WHAT YOU WILL DO
Retype the records below exactly as given, but only from the first line through the line with "Harita 4: Türkiye-İrak Sınır", and without the pictures.

· · · · ·

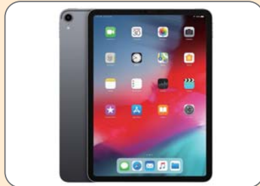
タブレット機器導入
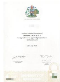
学位证： 房地产专业
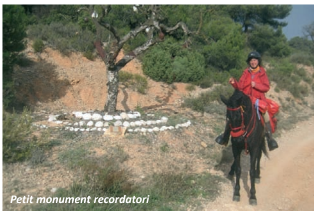
Petit monument recordatori
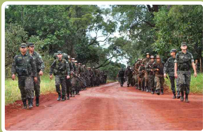
Marcha a pé
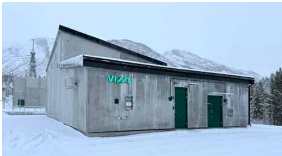
Vinnelys 66 kV koblingsstasjon.

Den nye koblingsstasjonen inngår som et sentralt knutepunkt i regionalnettet og styrker forsyningsikkerheten i regionen samt legger til rette for fremtidig utvikling av strømmettet i Nord-Troms. Anlegget er bygget i tett samarbeid med Statnett.
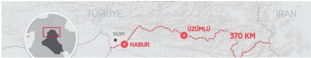
Harita 4: Türkiye-İrak Sınır

Türkiye ise Irak'a deyim yerinde ise tek sınır kapısından açılmaktadır. Şırnak ilinin Silopi ilçesinde bulunan Habur sınır kapısı yılda ortalama 4.000.000 yolcu ve 1.400.000'i TIR olmak üzere toplam 2.000.000 araca, hizmet vermektedir. "Habur Sınır Kapısı'nda 12 adet giriş – 12 adet çıkış olmak üzere toplam 24 adet peron, 2 adet X-Ray tarama cihazı, 3.500 m 2 'lik ticari bina ve 6.000 m 2 'lik idari bina bulunmaktadır. Ayrıca PTT (Posta ve Telgraf Teşkilatı), yiyecek – içecek alanları, gümrüksüz satış mağazası (duty free) bulunmaktadır ve Kapalı devre görüntüleme sistemleri, kartlı geçiş ve otomasyon sistemleri ile 320.000 m 2 alanda hizmet vermektedir." 227 Irak ile ticaretin ana damarını oluşturan Habur – İbrahim Halil (Irak topraklarındaki Türkiye'ye açılan kapının ismidir.) sınır kapıları en çok yoğunluğun yaşandığı sınır kapıları olarak bilinmektedir. Habur sınır kapısının önemi ise bu çalışma kapsamında yer verilemeyecek kadar çoktur.
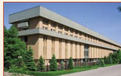
Национальный банк Республики Казахстан Административное здание
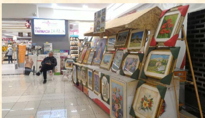
Presentazioni e mostre in Italia
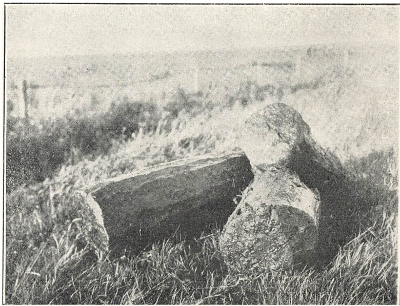
Olmersdiget: Palisadepæle fra Bredmose
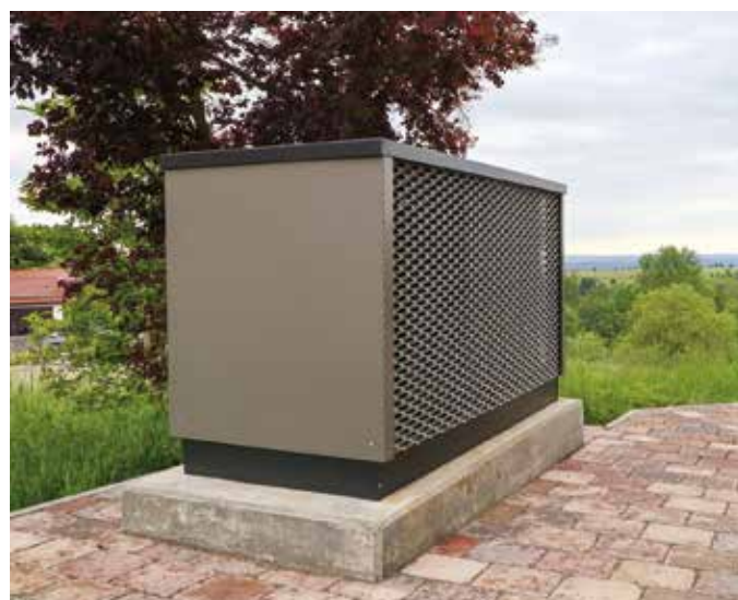
Das Außenmodul der Wärmepumpe ist sehr leise und, Rolf Unfried zufolge, akustisch kaum wahrnehmbar.

Auch Rolf Unfried aus Hohenstaufen wollte seine alte Gas-therme durch eine umweltfreundliche Wärmepumpe ersetzen, nachdem sein Gasanbieter angekündigt hatte, dass die Heizkosten in Zukunft drastisch steigen würden. „Aber auch so wollte ich weg von den fossilen Brennstoffen und den Strom, den ich mit meiner Photovoltaik-Anlage auf dem Dach selbst erzeuge, in Zukunft für den Betrieb ei-
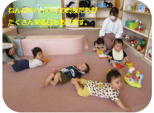
ねんねやハイハイのお友だちがたくさん来る日もあります。
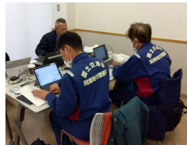
(被災状況とりまとめ作業)
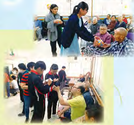
同學為長者們寫上心意卡
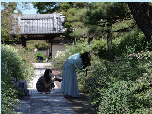
▲カメラを持って境内散策。季節を楽しむひとときは心が癒されますね
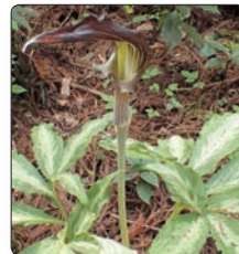
ミミガタテンナンショウ

生育地がありますが、林内の環境が変化して、減少傾向にあります。今年3月に発行された『東海村の自然誌II』(東海村教育委員会)では、準絶滅危惧種(東海村レッドリスト)に指定されています。 仏炎苞の中には付属体と呼ばれる長い棒状のものがあります。花は付属体の基部にあり、外側からは見えません。内部を観察してみると長い花序があり、雄しべ(雄株)あるいは雌しべ(雌株)が多数集まっています。同じ株でイモ状の地下茎が小さい時には雄株、大きくなると雌株に変化するという特異的な性質をもっています。 村内では、サトイモ科の種類は、ウラシマソウ、ムサシアブミ、ザゼンソウ、ヒメザゼンソウなども確認されており、東海村の生物多様性が高いことを示しています。
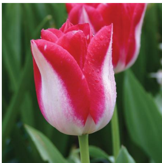
Slika 10. Garden Party Tulip

Primjeri: Garden Party (bijeli s ružičastim rubom), Apricot Beauty (ružičasti boje lososa), Korneforos (crveni), Sulphur Glory (žuti).
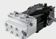
不锈钢高压柱塞泵
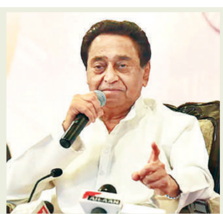
को टिकट दिया है। वहीं, तीन विधायकों के टिकट काट दिए हैं।
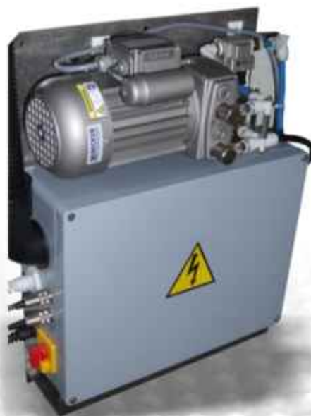
La unidad de control de ES 9100 se adapta a cualquier lugar.
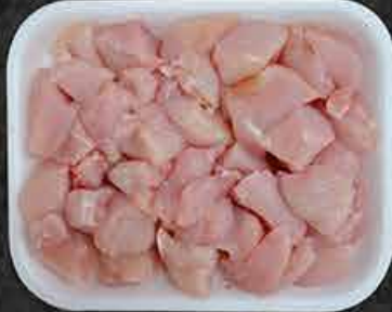
Kipfilet natuur blokjes Cubes de filet de poulet nature Kuşbaşı tavuk göğsü

· · · · ·

YOUR RESPONSE
タブレット機器導入
学位证： 房地产专业
Petit monument recordatori
Marcha a pé
Vinnelys 66 kV koblingsstasjon.

Den nye koblingsstasjonen inngår som et sentralt knutepunkt i regionalnettet og styrker forsyningsikkerheten i regionen samt legger til rette for fremtidig utvikling av strømmettet i Nord-Troms. Anlegget er bygget i tett samarbeid med Statnett.
Harita 4: Türkiye-İrak Sınır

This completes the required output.